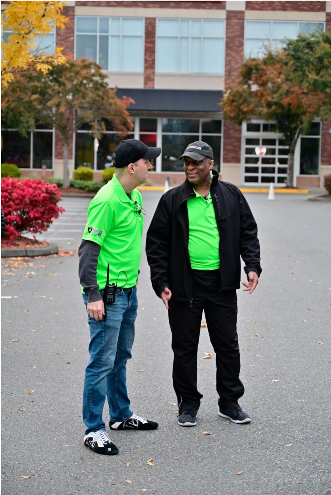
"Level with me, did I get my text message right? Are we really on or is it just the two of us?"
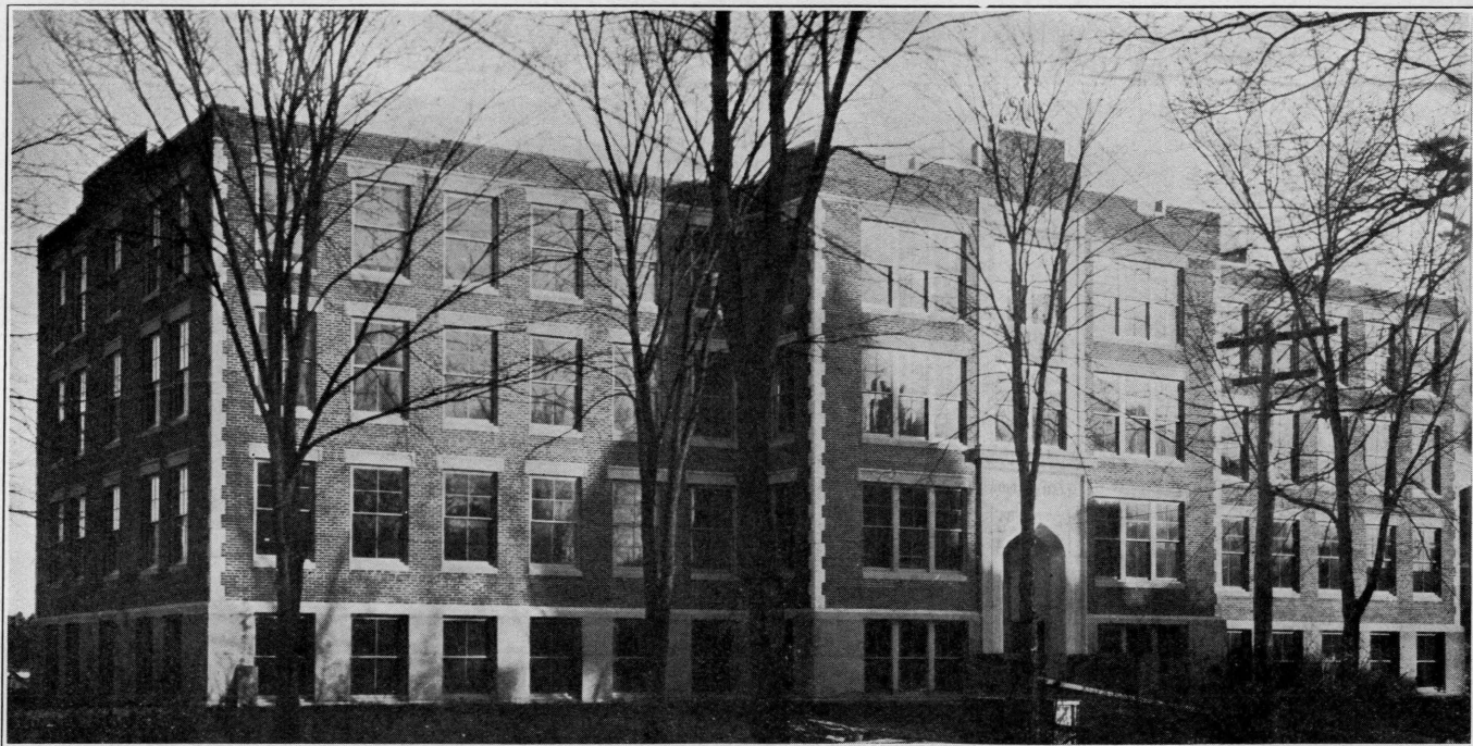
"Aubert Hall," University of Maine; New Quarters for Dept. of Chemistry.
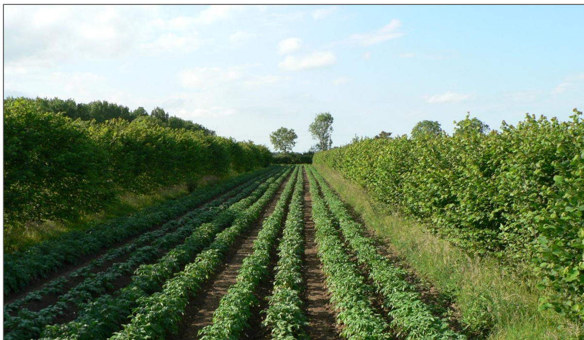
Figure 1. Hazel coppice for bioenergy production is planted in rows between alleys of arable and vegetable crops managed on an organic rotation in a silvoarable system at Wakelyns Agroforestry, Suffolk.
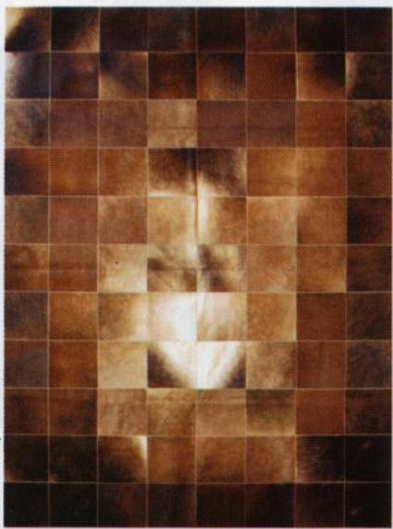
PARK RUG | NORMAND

__________

* [PROBLEM] Copy only what lies between the start of the listing above and the line containing "Dept. of Chemistry.", inclusive of both ends, exactly as written, and drop the pictures.

* [ANSWER SECTION]
"Level with me, did I get my text message right? Are we really on or is it just the two of us?"
"Aubert Hall," University of Maine; New Quarters for Dept. of Chemistry.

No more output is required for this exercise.